Abstract:
Aim: To determine the positive predictive value of raised serum alkaline phosphatase in predicting
choledocholithiasis in patients with cholelithiasis taking operative findings as gold standard.
Design: It was a cross sectional survey.
Study Settings: The present study was carried at Surgical Unit-I of Sir Ganga Ram Hospital, Lahore over 6
months from Jan 2018 to June 2018.
Methods: The study involved 139 patients of both genders aged between 20-70 years diagnosed of cholelithiasis and suspected of choledocholithiasis on raised serum alkaline phosphatase level (≥400 IU/L). These patients underwent open cholecystectomy with CBD exploration and diagnosis of choledocholithiasis was confirmed operatively which was taken as gold standard and results of raised serum alkaline phosphatase level were judged accordingly as true positive or false positive. An informed consent was taken from each patient.

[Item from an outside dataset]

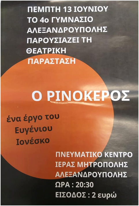 Πολλά συγχαρητήρια στους μαθητές και τους εκπαιδευτικούς του 4ου Γυμνασίου Αλεξανδρούπολης που συμμετείχαν στην διοργάνωση και την υλοποίηση της υπέροχης παράστασης «Ο Ρινόκερος», του Ιονέσκο, που πραγματοποιήθηκε την Πέμπτη 13 Ιουνίου το βράδυ στο Πνευματικό Κέντρο της Ιεράς Μητρόπολης Αλεξανδρούπολης.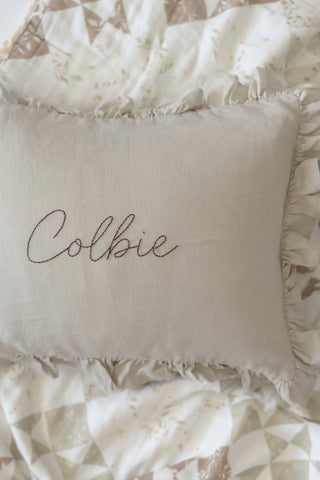 cream pillow + driftwood thread + font D

Results: The mean age of the patients was 44.1±12.7 years. Majority (52.5%) of the patients were aged
between 30-50 years followed by >50 years (26.6%) and <30 years (20.9%). There were 37(26.6%) male and
102 (73.4%) female patients with a male to female ratio of 1:2.8. Diagnosis of choledocholithiasis was confirmed in 125 (89.9%) patients on operative findings. Thus there were 125 true positive and 14 false positive cases which yielded a positive predictive value of 89.9% for raised serum alkaline phosphatase level (≥400 IU/L) in the diagnosis of choledocholithiasis taking operative findings as gold standard.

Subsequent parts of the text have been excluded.